■ **RECORDS FOR THIS TASK**
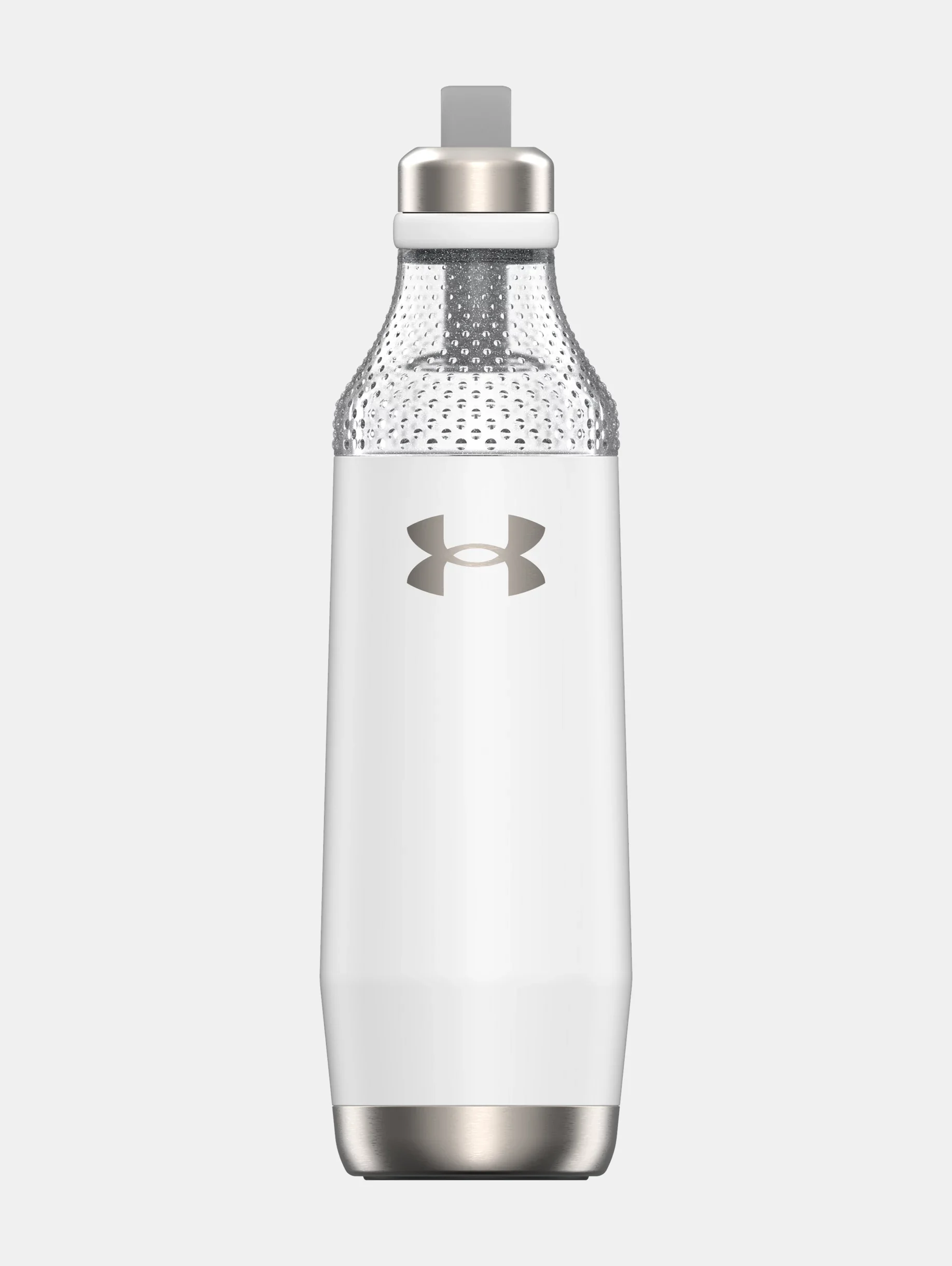 What's it do? A wide twist-off top lets you add ice or protein powder quickly and easily. Use as a vacuum-insulated water bottle during your workout and as a tumbler before or after. Product DNA - Twist-off Tritan™ top is shatter-, stain- & odor-resistant & converts bottle into 18 oz. tumbler - Stainless steel & vacuum-insulated for maximum temperature retention—keeps beverages cold for 12 hours - Non-slip silicone bottom provides quiet set-down on any surface - Carry loop for easy transport - Large opening for easy fill & cleaning with twist-to-seal lid that helps keep spout clean - BPA & lead free - One Size Fits All - Style #: 1372205 - Capacity: 22 oz. (bottle) or 18 oz. (tumbler) - Dimensions: 11.1"H x 3.15"W x 3.54"D - Manufactured by USB, exclusive licensee of Under Armour® - Imported
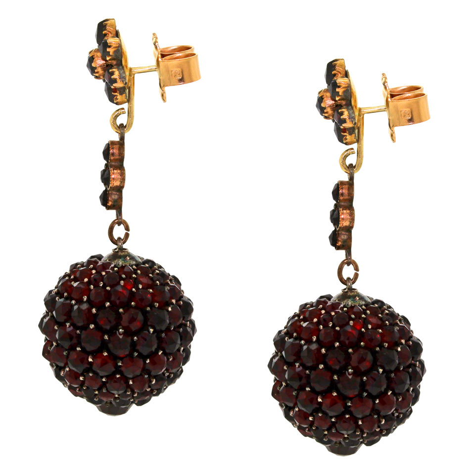 Circa 1880-1900, gilt silver and 14k gold, attributed Austrian.  These amazing Victorian earrings have remained in style and fashionable for over 125 years.  Their bold look has a unique verve that captures the imagination while turning heads.  A superlative technical achievement, the dangling balls are set with fire-red Bohemian garnets which smolder like embers when they catch the light.  These earrings are sublime marriages remade most probably in the 1920s from three components all late Victorian. This is vintage chic at its one-of-a-kind best.
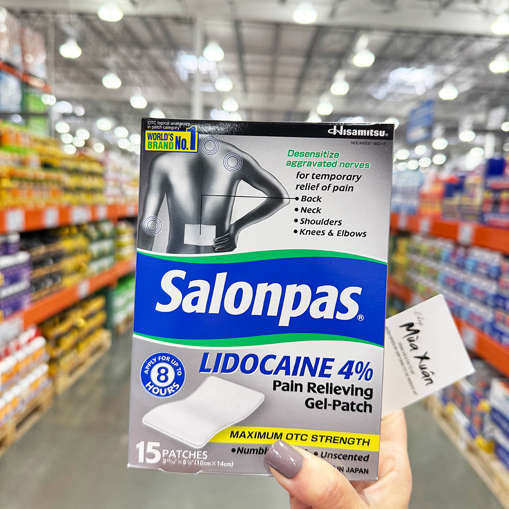 Miếng gel dán giảm đau Salonpas Lidocaine 4%, 15 miếng
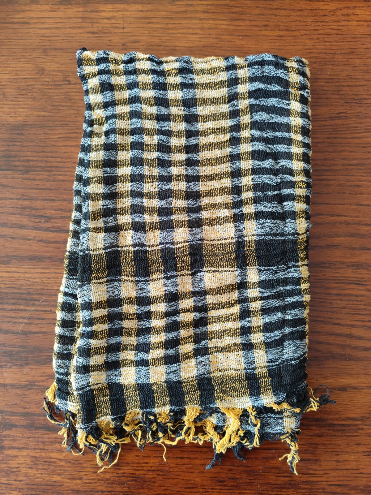 Obdĺžniková elastická šatka, rozmer v kľude 85 z 70 cm. Čierno-horčicová farba. Darujem na vyžiadanie k ľubovoľnému nákupu.
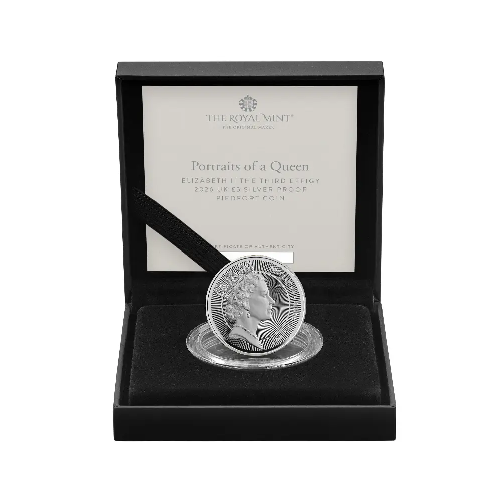 【未鑑定+鑑定オプション付き】2026 チャールズ3世 エリザベス2世のコイン肖像シリーズ 第三弾 ミドルエリザベス 5ポンドプルーフピエフォー銀貨 未鑑定 箱付き【ご予約承り品・納期約半年】

■ **WHAT IS NEEDED**
Pictures are to be left out; the answer must otherwise be exactly the lines from the one with "Miếng gel dán" through the final line of the entries above, both included.

■ **SOLUTION TO THE PROBLEM**
 Miếng gel dán giảm đau Salonpas Lidocaine 4%, 15 miếng
 Obdĺžniková elastická šatka, rozmer v kľude 85 z 70 cm. Čierno-horčicová farba. Darujem na vyžiadanie k ľubovoľnému nákupu.
 【未鑑定+鑑定オプション付き】2026 チャールズ3世 エリザベス2世のコイン肖像シリーズ 第三弾 ミドルエリザベス 5ポンドプルーフピエフォー銀貨 未鑑定 箱付き【ご予約承り品・納期約半年】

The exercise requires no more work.